邀请函是周一早上送到的。国际快递,牛皮纸信封,右上角贴着一枚法国的邮票。沈知意拆开的时候,信封口裁得很整齐,她用裁纸刀划开封口,抽出那张印着法国巴黎市政府Logo的厚纸。王思雨端着咖啡进来,看到那张纸上的法文有些发懵,凑过来问了一句法语看不懂。沈知意把邀请函推过去,手指在几行字上点了点。
“巴黎塞纳河文化中心。国际设计竞赛。邀请知意设计参与。”
王思雨的嘴巴张成了O型,手里的咖啡差点洒出来。“巴黎?塞纳河畔?知意姐,我们要去法国了?”
方远被紧急叫到办公室。他推了推眼镜把邀请函从头到尾看了一遍,抬起头的时候眼睛里有光。“这是欧洲今年最重要的文化项目。占地四万多平米,包括剧院、美术馆和图书馆,位于塞纳河畔的黄金地段。评委会主席是普利兹克奖得主,评委包括多家国际顶级建筑学院的院长和知名事务所的创始人。如果能够入围甚至中标,知意设计的国际声誉将大幅提升。不是提升一点,是从中国顶尖跃升为世界顶尖。”
沈知意靠在椅背上,手指在桌面上轻轻敲了两下。窗外的阳光从百叶窗的缝隙漏进来,在桌面上画出一道道细长的金色条纹。王思雨站在桌前,嘴唇动了好几次;周建国从门外走进来,手里拿着竞争对手的名单。他难得地没有戴老花镜,眯着眼睛看文件上的字。
“竞争对手包括英国的Foster Partners、日本的SANAA、荷兰的OMA、瑞士的Herzog & de Meuron。每一家都是国际顶级事务所,每一家都有普利兹克奖得主坐镇。这场竞赛的含金量,不亚于奥运会。”
沈知意的目光落在那份竞争对手名单上。那些名字她太熟悉了,读书时抄过无数遍,工作后研究过无数遍。那些事务所的作品集她几乎能背下来,每一个项目都是教科书级别的经典。以前她是仰望者,现在她站在他们对面,拿着同一张竞赛图纸。
“正好。让世界看看中国建筑的水平。不是有没有资格跟他们比,是想不想比。我们想比。我们的模块化技术2.0、自适应表皮系统、江南园林的设计哲学、宋代建筑的模数化逻辑。每一样都是中国原创,每一样都值得站在国际舞台上。”

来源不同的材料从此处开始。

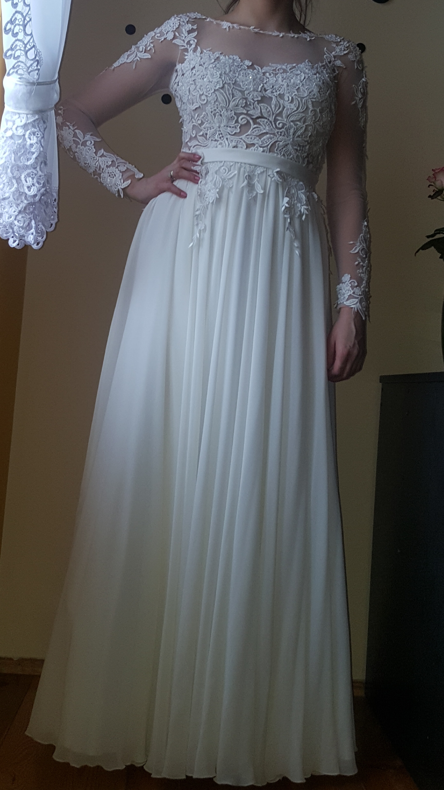 Suknia ślubna L/XL, ecru, koronka, długi rękawSuknie ślubne » Łódzkie » Klonowa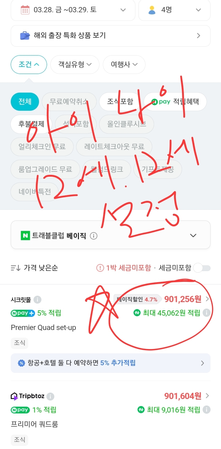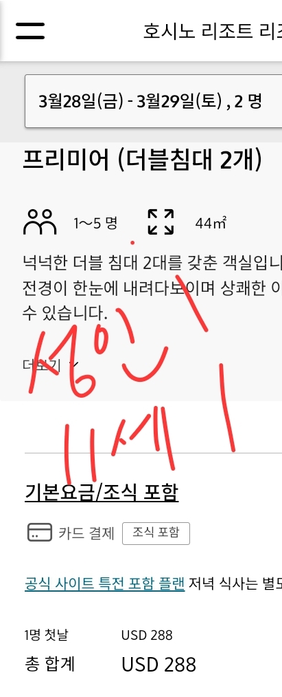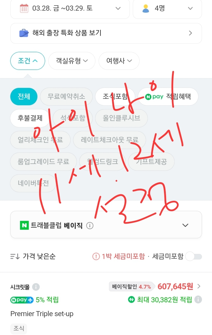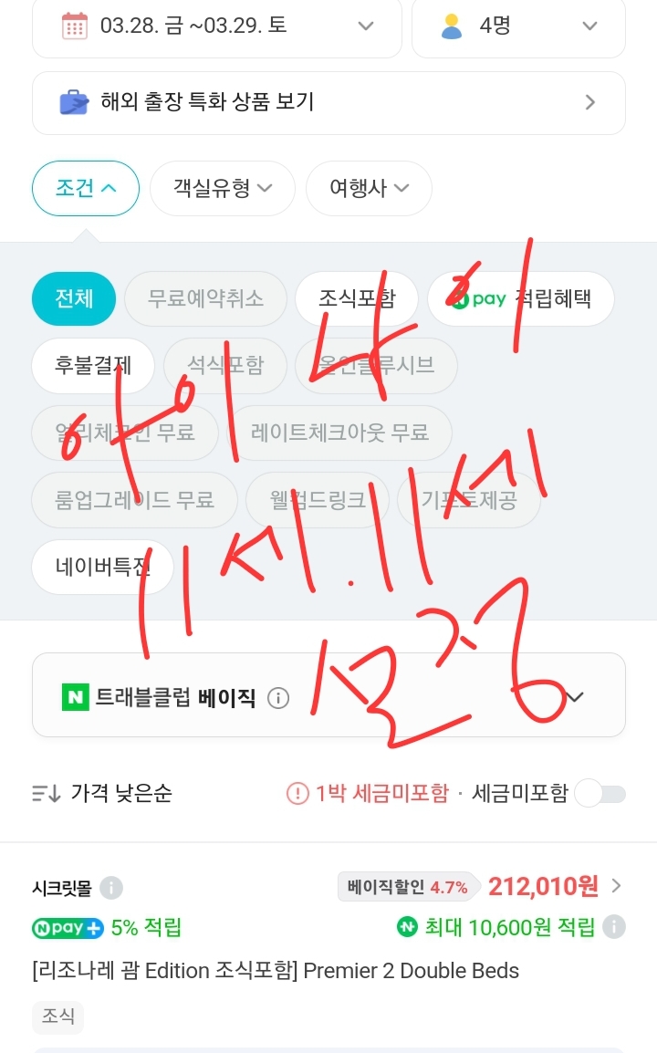 그런데 이 옵션으로 호텔 예약을 할 거면, 호텔 홈페이지보다는 네이버 검색, 혹은 여행 플랫폼을 통해 방을 예약하는 게 더 쌉니다.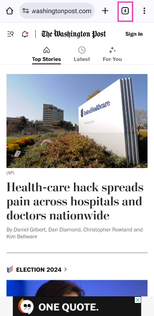 Stap 2:Raak depictogram van tabblad wisselen.

沈知意站起来走到白板前,拿起红色马克笔写下了几个字——“巴黎项目·第一优先级。”她写完转过身看着在座的所有人。
“从今天起,巴黎项目是第一优先级。其他所有项目的推进节点都往后排,把最优秀的人力、最充足的时间、最核心的技术资源,全部投入这个项目。方远,你负责设计方案的总体把控。赵磊,你负责绿色建筑技术的整合。王思雨,你负责对外联络和资料准备。周叔,你负责成本控制和时间节点。”
方远推了推眼镜合上了笔记本。赵磊站在门口推了推眼镜的鼻托点了头。王思雨攥着手机的手用了些力。周建国把老花镜戴上,在那份竞争对手名单上写了几行字。
窗外的阳光从百叶窗的缝隙漏进来。沈知意站在窗前,手里握着手机屏幕上是顾行舟发来的消息,问她听说巴黎的项目邀请你们了。她打了几个字——“嗯。要跟福斯特、妹岛他们同台竞技。”顾行舟回复说压力大吗。她看着那行字想了想,打了几个字——“压力有,但更多的是兴奋。跟高手过招,才能知道自己几斤几两。”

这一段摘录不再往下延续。